Work order: Your answer should give again, exactly, the lines from the beginning of the entries below through the line containing "Titel: Håverud akvedukt". It must contain no pictures.
━━━ Records shown ━━━
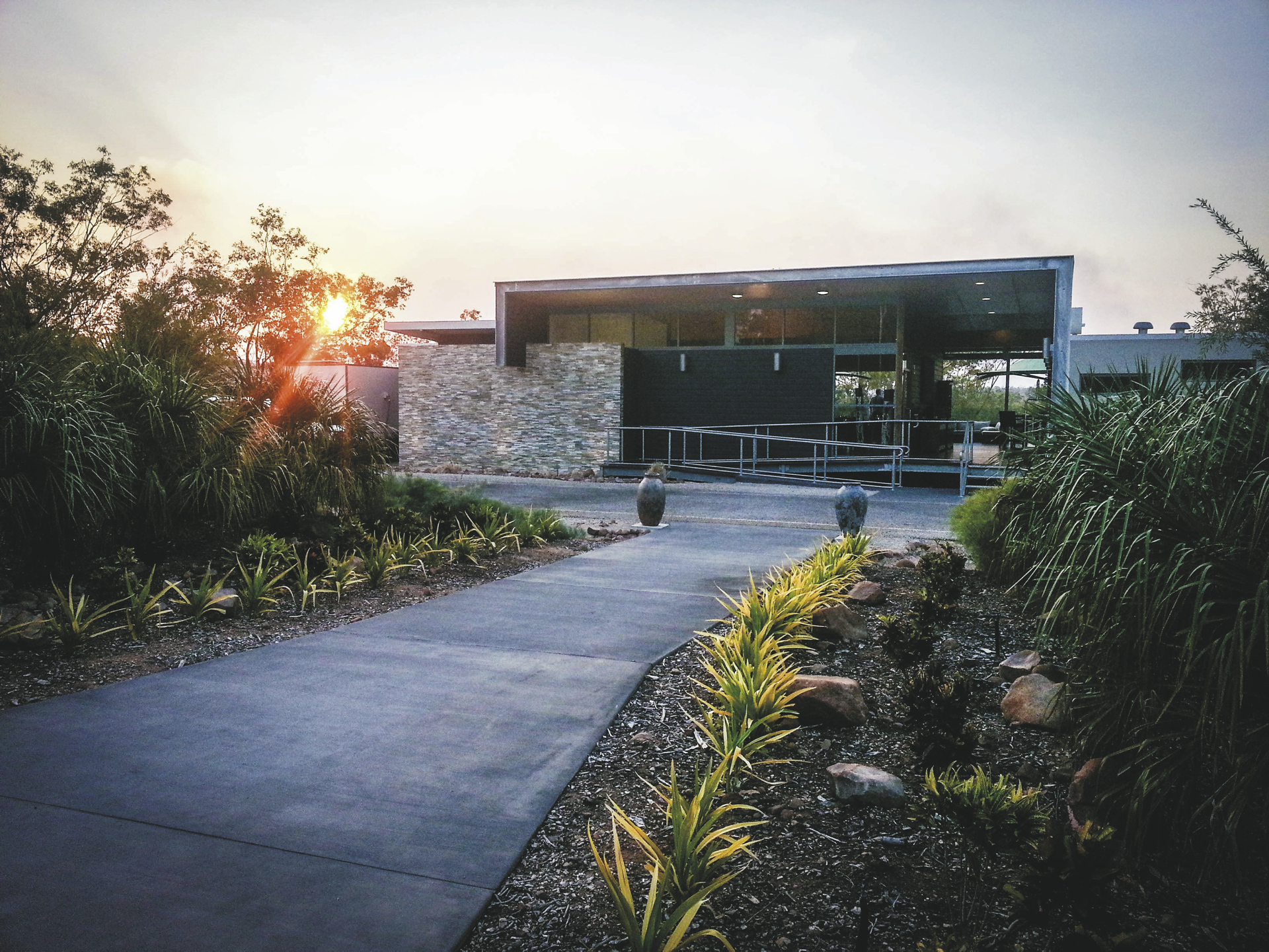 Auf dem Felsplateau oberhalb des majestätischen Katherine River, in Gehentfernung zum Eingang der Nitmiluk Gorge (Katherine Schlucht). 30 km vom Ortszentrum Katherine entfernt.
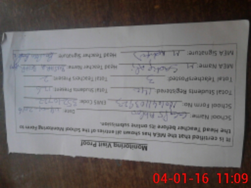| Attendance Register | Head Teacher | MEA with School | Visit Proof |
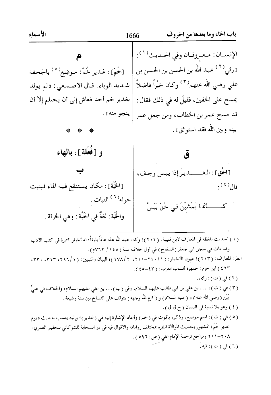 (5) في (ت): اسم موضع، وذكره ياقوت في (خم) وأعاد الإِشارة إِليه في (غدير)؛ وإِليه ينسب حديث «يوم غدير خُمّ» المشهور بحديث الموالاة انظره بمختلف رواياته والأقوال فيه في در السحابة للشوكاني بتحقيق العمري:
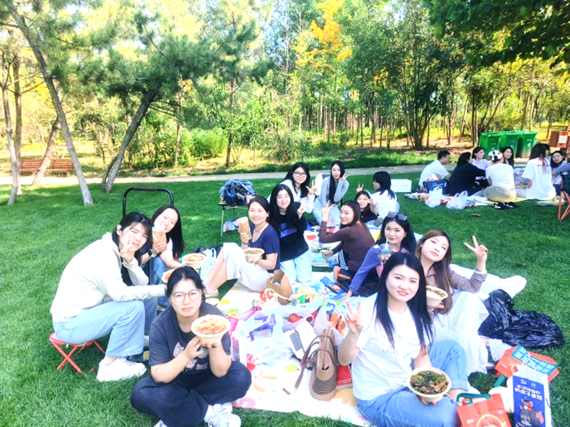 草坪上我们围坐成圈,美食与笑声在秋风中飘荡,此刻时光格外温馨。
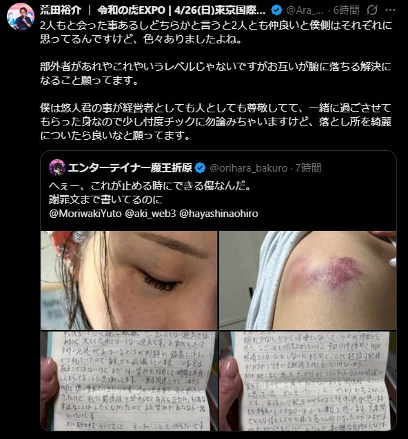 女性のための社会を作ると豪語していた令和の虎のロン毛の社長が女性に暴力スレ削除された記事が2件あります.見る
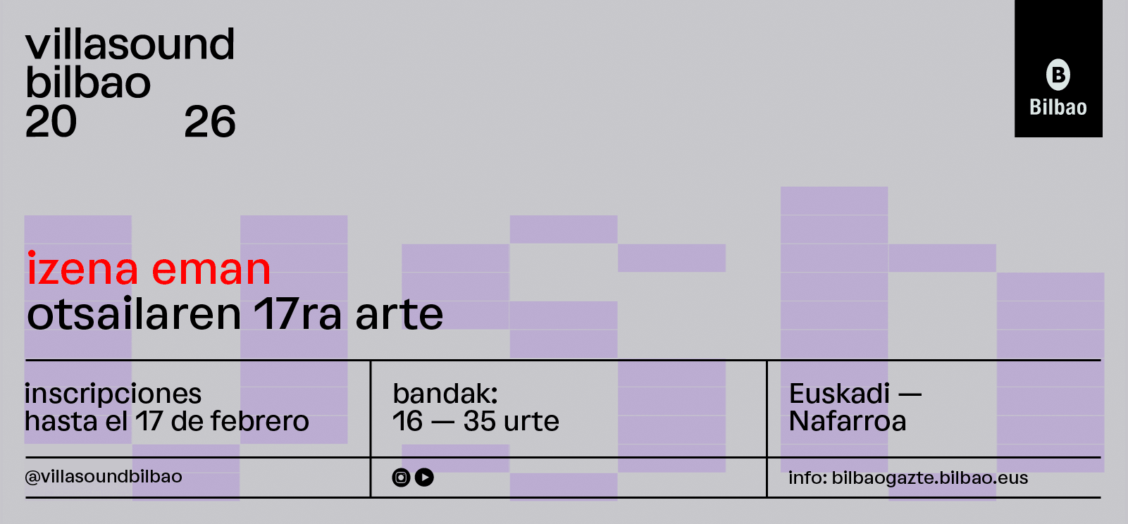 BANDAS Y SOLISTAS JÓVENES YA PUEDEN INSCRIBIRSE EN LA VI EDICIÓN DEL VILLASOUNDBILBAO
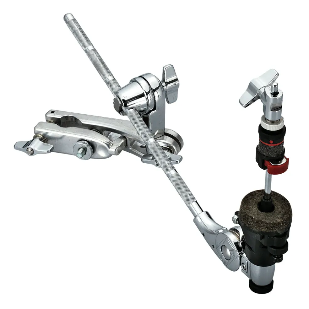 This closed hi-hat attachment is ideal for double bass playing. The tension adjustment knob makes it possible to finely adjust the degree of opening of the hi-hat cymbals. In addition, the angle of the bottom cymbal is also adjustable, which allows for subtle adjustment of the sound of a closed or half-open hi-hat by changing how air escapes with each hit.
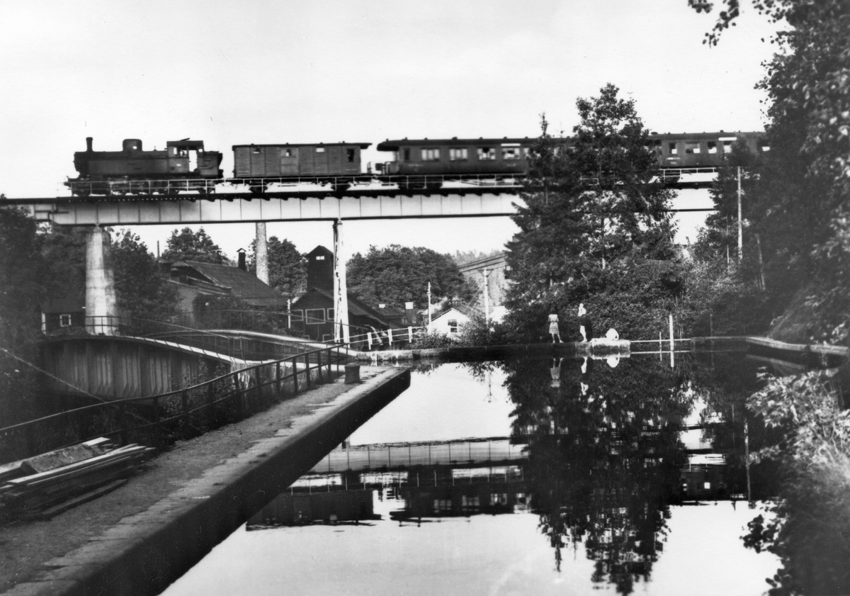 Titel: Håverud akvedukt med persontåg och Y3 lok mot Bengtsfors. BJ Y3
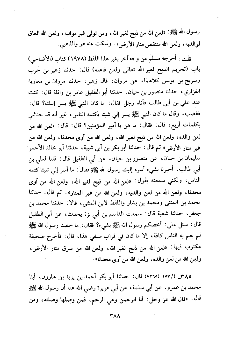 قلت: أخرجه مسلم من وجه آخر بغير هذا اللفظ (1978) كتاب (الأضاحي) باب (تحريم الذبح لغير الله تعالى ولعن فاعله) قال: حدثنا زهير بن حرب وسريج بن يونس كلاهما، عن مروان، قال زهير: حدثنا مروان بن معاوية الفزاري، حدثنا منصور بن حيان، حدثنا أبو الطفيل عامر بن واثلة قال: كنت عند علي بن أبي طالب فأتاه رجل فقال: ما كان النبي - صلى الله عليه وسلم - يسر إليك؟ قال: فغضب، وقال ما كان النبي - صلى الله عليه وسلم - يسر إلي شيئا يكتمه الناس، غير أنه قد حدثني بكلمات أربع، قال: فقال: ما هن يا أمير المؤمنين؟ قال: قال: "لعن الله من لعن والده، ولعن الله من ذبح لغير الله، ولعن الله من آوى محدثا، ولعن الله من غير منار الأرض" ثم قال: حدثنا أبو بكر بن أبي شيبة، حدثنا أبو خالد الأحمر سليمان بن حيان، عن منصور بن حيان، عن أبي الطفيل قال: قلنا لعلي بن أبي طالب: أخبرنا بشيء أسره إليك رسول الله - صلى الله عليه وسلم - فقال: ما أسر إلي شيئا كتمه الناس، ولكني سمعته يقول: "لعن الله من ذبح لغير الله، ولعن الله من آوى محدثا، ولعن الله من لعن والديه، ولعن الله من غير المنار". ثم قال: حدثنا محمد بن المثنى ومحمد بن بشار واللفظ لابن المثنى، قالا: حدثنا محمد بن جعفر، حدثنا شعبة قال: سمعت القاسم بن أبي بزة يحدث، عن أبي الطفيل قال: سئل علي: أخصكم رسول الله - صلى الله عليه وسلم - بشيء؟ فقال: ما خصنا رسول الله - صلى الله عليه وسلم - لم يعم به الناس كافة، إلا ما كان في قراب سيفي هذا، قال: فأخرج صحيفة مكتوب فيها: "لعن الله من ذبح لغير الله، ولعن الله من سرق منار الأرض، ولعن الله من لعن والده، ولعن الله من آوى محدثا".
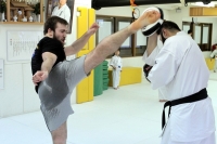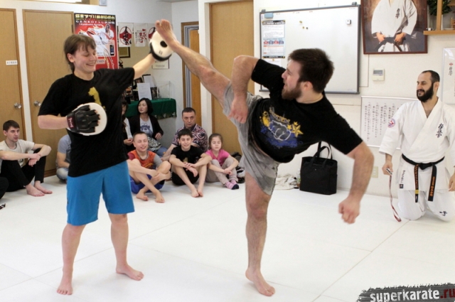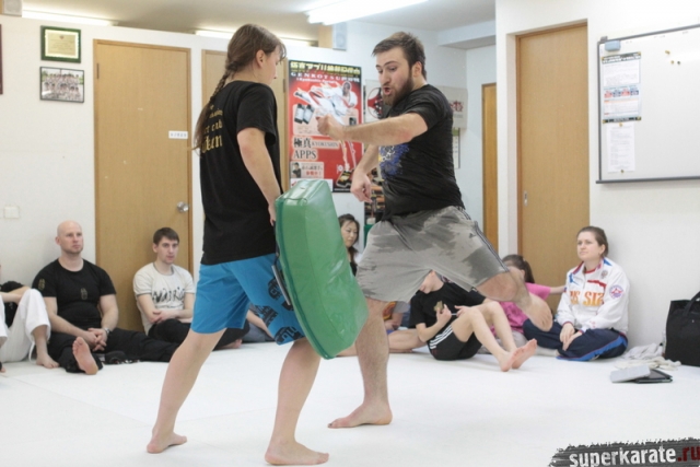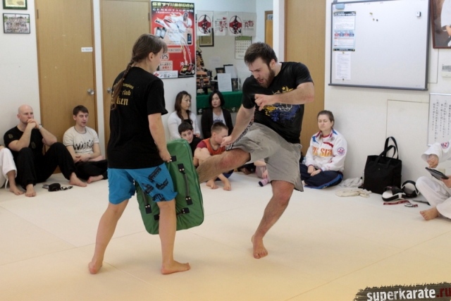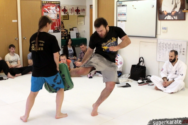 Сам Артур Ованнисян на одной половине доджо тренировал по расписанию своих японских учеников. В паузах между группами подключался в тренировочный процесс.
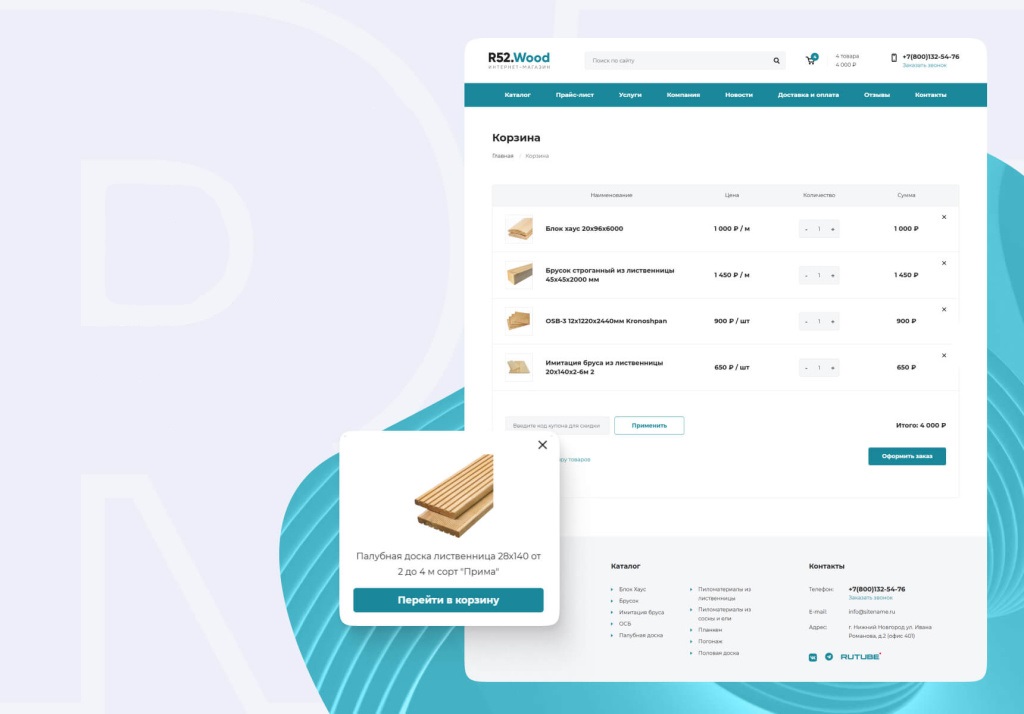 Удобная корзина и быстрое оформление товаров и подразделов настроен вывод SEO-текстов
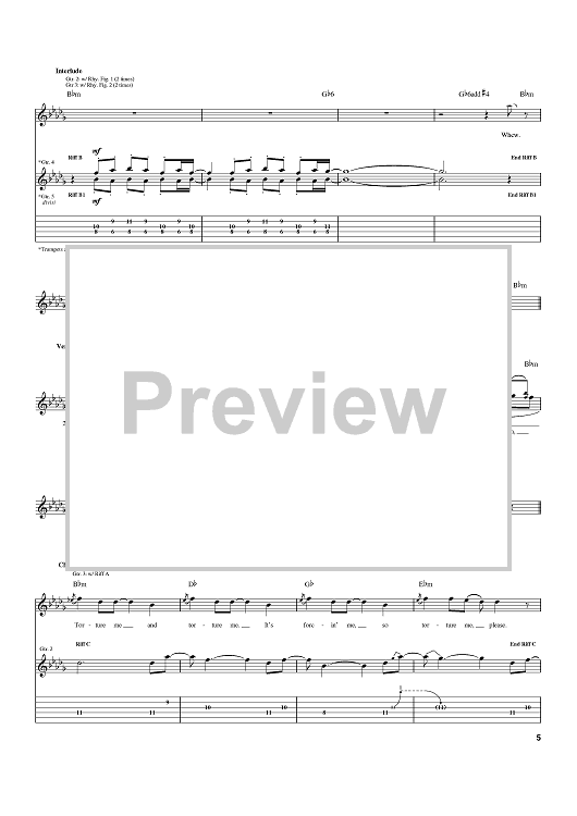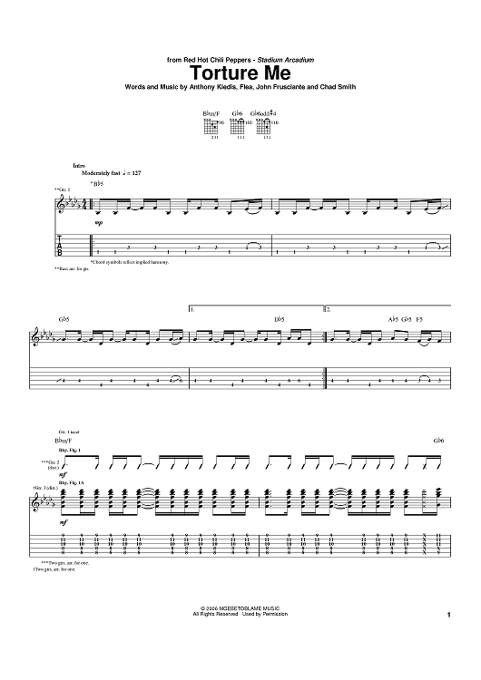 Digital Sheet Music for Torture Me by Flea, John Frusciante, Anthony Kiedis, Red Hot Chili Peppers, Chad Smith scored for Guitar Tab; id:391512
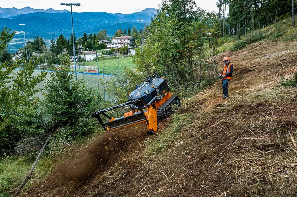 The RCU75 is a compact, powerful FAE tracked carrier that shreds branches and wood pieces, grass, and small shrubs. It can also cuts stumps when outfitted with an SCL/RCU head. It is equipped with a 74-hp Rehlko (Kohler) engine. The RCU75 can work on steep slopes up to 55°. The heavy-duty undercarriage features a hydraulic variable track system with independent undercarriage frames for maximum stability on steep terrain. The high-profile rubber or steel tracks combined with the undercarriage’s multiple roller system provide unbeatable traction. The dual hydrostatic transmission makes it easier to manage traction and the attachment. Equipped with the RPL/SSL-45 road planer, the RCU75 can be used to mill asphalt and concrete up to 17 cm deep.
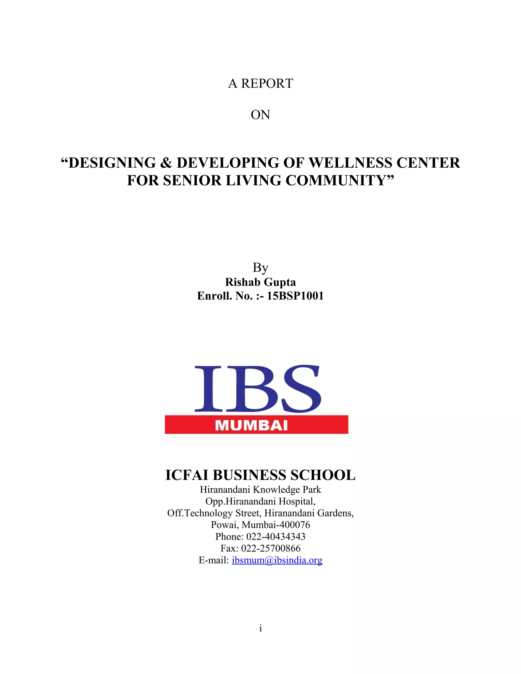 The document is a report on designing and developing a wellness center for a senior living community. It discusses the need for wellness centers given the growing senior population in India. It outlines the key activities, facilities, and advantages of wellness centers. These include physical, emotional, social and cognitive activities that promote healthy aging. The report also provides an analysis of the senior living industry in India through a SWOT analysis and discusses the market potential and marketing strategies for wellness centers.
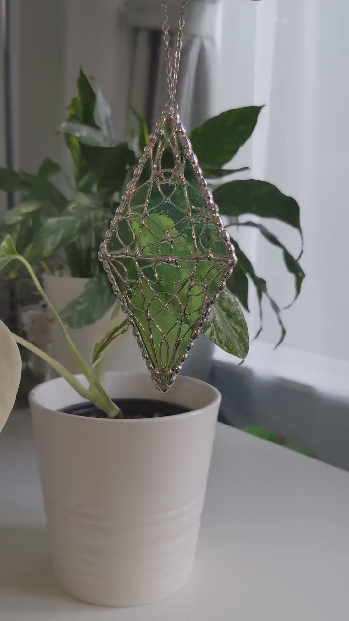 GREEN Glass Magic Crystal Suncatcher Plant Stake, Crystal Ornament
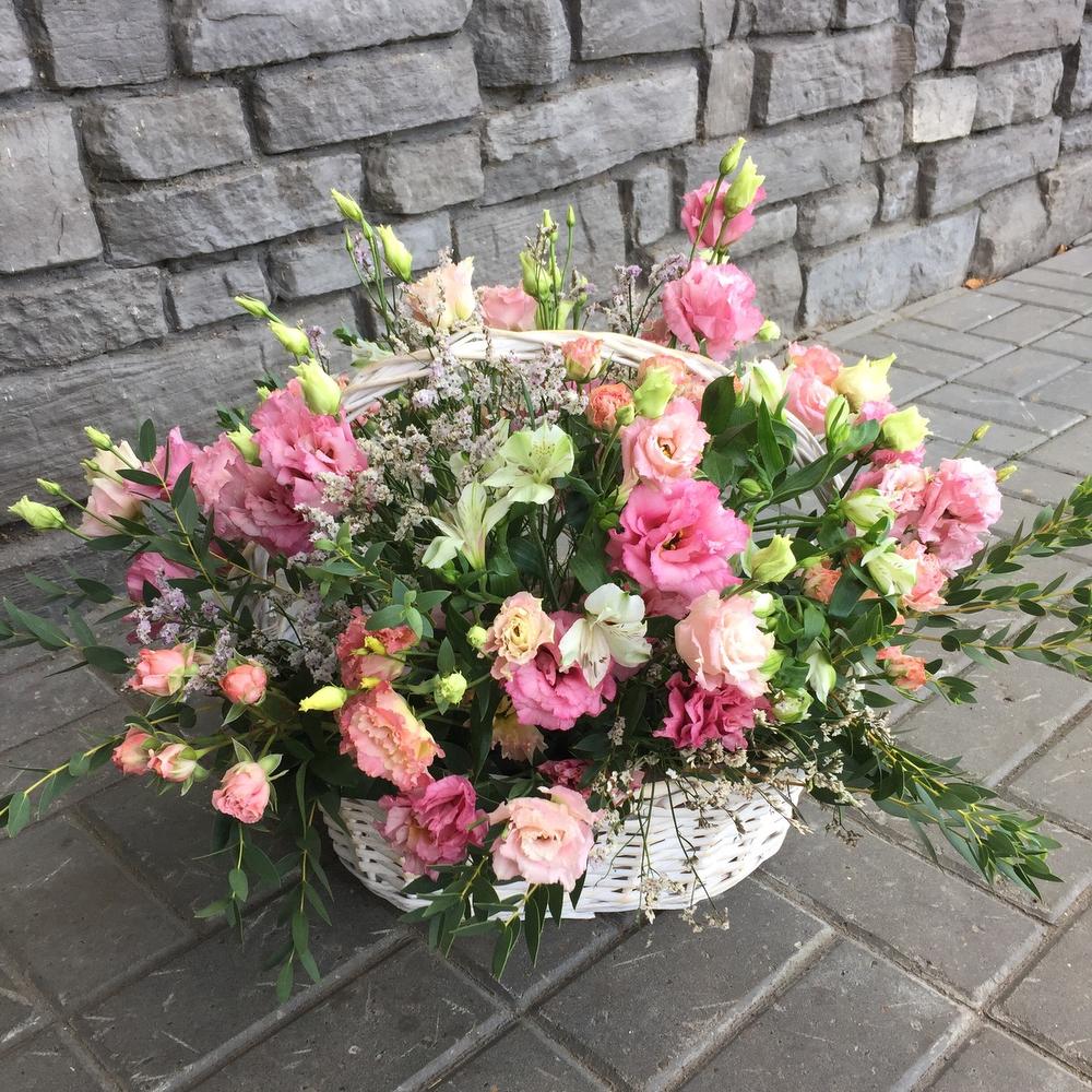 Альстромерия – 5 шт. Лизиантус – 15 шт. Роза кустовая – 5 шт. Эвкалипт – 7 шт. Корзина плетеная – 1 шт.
━━━
Exercise answer:
 Auf dem Felsplateau oberhalb des majestätischen Katherine River, in Gehentfernung zum Eingang der Nitmiluk Gorge (Katherine Schlucht). 30 km vom Ortszentrum Katherine entfernt.
| Attendance Register | Head Teacher | MEA with School | Visit Proof |
 (5) في (ت): اسم موضع، وذكره ياقوت في (خم) وأعاد الإِشارة إِليه في (غدير)؛ وإِليه ينسب حديث «يوم غدير خُمّ» المشهور بحديث الموالاة انظره بمختلف رواياته والأقوال فيه في در السحابة للشوكاني بتحقيق العمري:
 草坪上我们围坐成圈,美食与笑声在秋风中飘荡,此刻时光格外温馨。
 女性のための社会を作ると豪語していた令和の虎のロン毛の社長が女性に暴力スレ削除された記事が2件あります.見る
 BANDAS Y SOLISTAS JÓVENES YA PUEDEN INSCRIBIRSE EN LA VI EDICIÓN DEL VILLASOUNDBILBAO
 This closed hi-hat attachment is ideal for double bass playing. The tension adjustment knob makes it possible to finely adjust the degree of opening of the hi-hat cymbals. In addition, the angle of the bottom cymbal is also adjustable, which allows for subtle adjustment of the sound of a closed or half-open hi-hat by changing how air escapes with each hit.
 Titel: Håverud akvedukt med persontåg och Y3 lok mot Bengtsfors. BJ Y3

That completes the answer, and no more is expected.